# Villiers V6000es manual



## Stan (May 17, 2020)

I recently bought a second hand Villiers V6000ES generator and have been trying to find a manual for it. I cannot find one anywhere online (I thought I had but link doesn't work)

Does anyone have one or know where I could find one?


----------



## iowagold (Jan 22, 2020)

those v6000es parts are at





Villiers V6000 V6000ES - Parts and Spares - Generator Guru


Buy Villiers V6000 V6000ES Generator Parts now. Need advice? Engineers are always happy to help. The leader in Portable Generator Parts. USA Canada UK EU Aus NZ




www.generatorguru.com




data sheet


http://www.pumpsdirect2u.com/downloads/datasheets/8231_villiers_gensets_spec.pdf


for the manuals you are best to contact the mfg on this one.
did you buy it new or used?


----------



## Stan (May 17, 2020)

Cheers for the info. Bought it second hand. I did find those links you added but they don't have the info/parts I require. 

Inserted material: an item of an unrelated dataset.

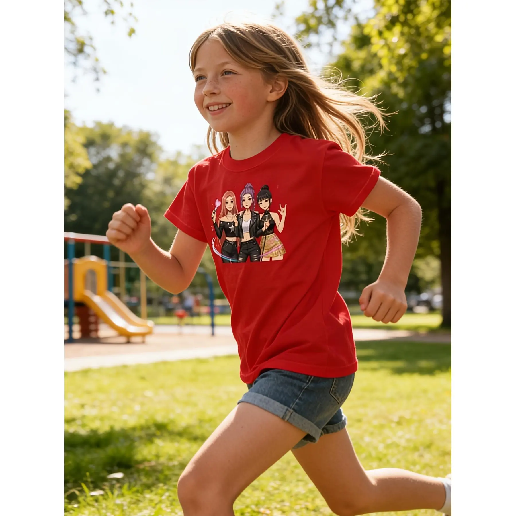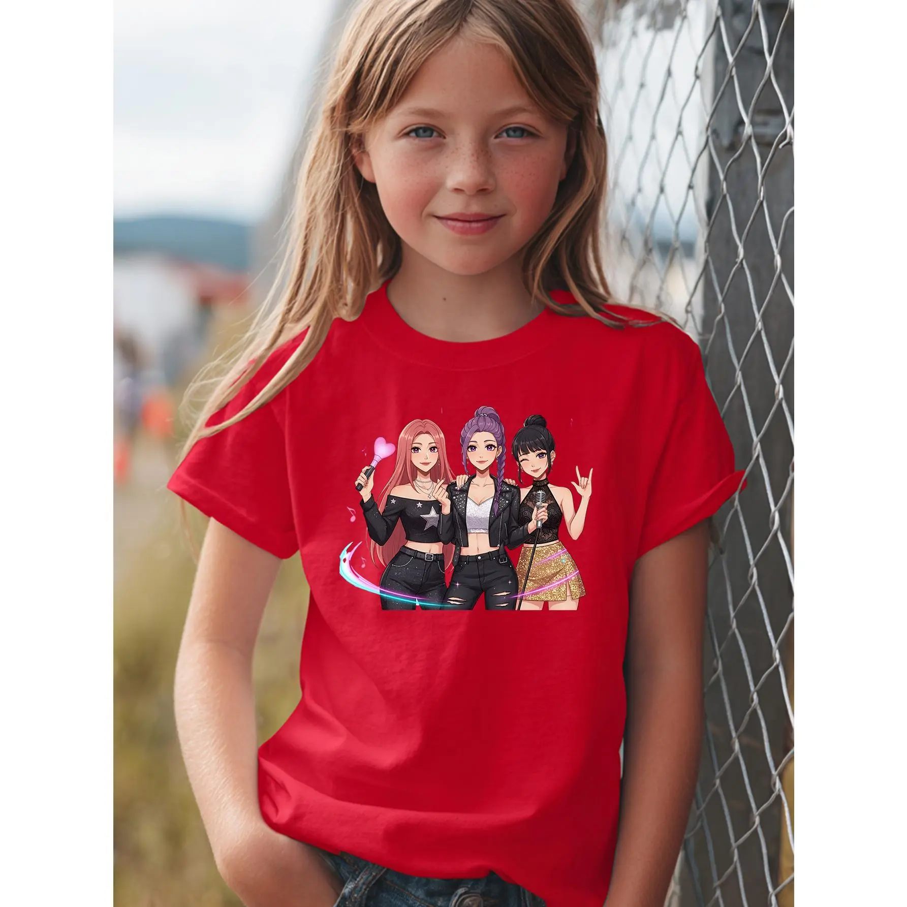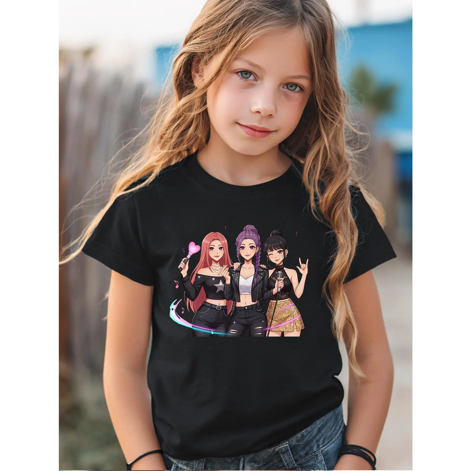 1K-POP Cartoon Girl Group Print, Skin-friendly, Breathable, Trendy and Eye-catching Short-sleeved Top, Perfect for Girls' Idol-chasing and Party Outfits, a Must-have for Black Friday, Valentine's Day, and Other Holidays, Full of Trendy Vibes and Super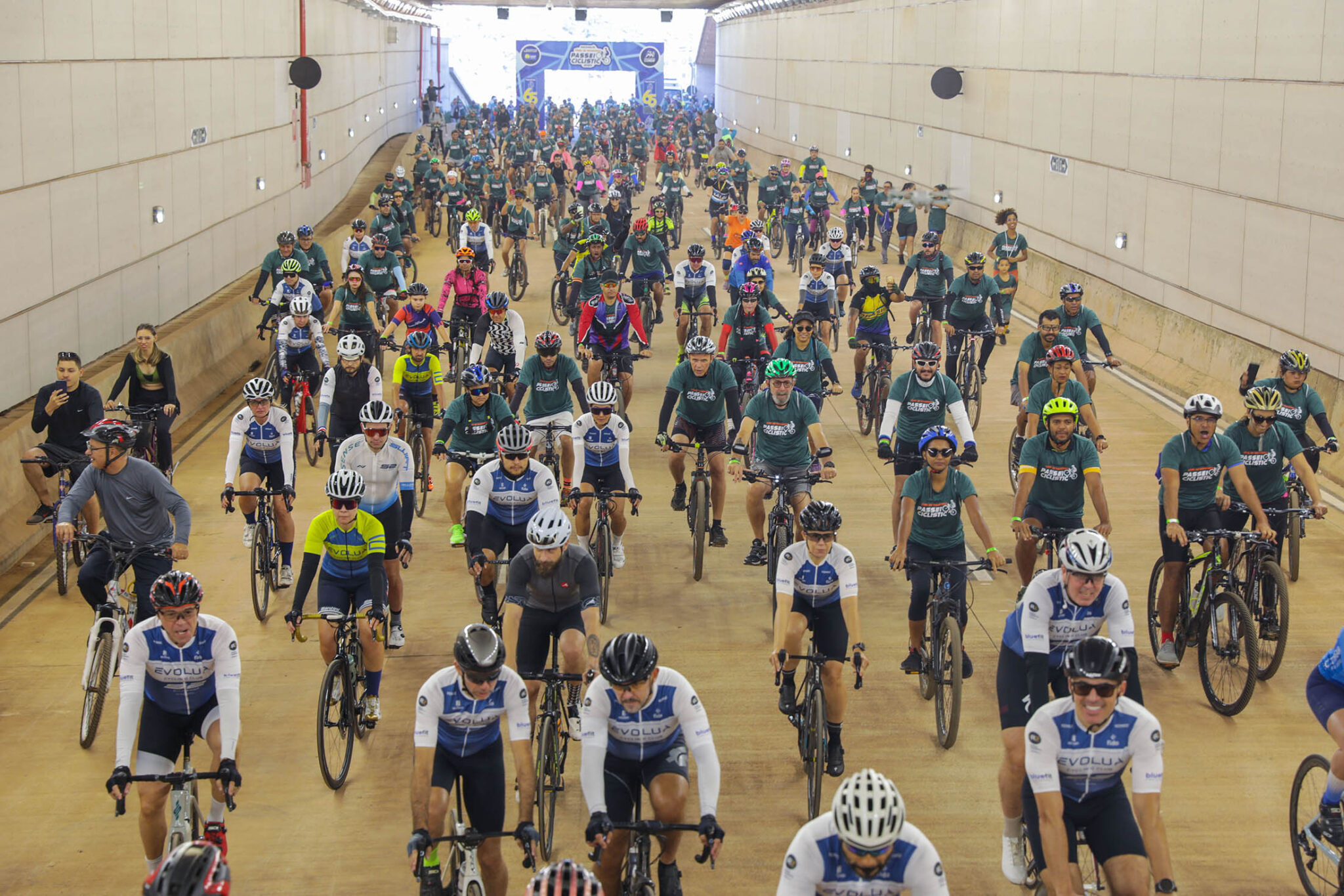 Às vésperas de o trânsito no Túnel Rei Pelé ser liberado para carros e motos, 500 ciclistas cruzaram uma das passagens subterrâneas da obra viária na manhã deste sábado (3) durante o Passeio Ciclístico 2023. O evento abre a programação comemorativa de inauguração do túnel, que conta com corrida e desfile de carros antigos neste domingo (4). Já a liberação do complexo está marcada para segunda-feira (5) às 10h.

I have tried to find the manufacturer but it wasnt as simple as I thought. Cannot find an actual website for Villiers. After doing a bit of digging I think the generator is a Rato generator built under licence (found a Rato sticker on underside of generator) I can find manuals on Rato generator R6000D which is what I think it is based on but is not 100% identical.


----------



## Stan (May 17, 2020)

Update. Turns out the Rato R6000D is a Genmac Powersmart G6000E. Neither are 100% identical to the Villiers V6000ES. Some useful info though.


----------



## iowagold (Jan 22, 2020)

yea contact the retail vendors they make have sources for service centers that might have links posted some where for pdf manuals.

so what manual are you looking for??
owners or parts or service?


----------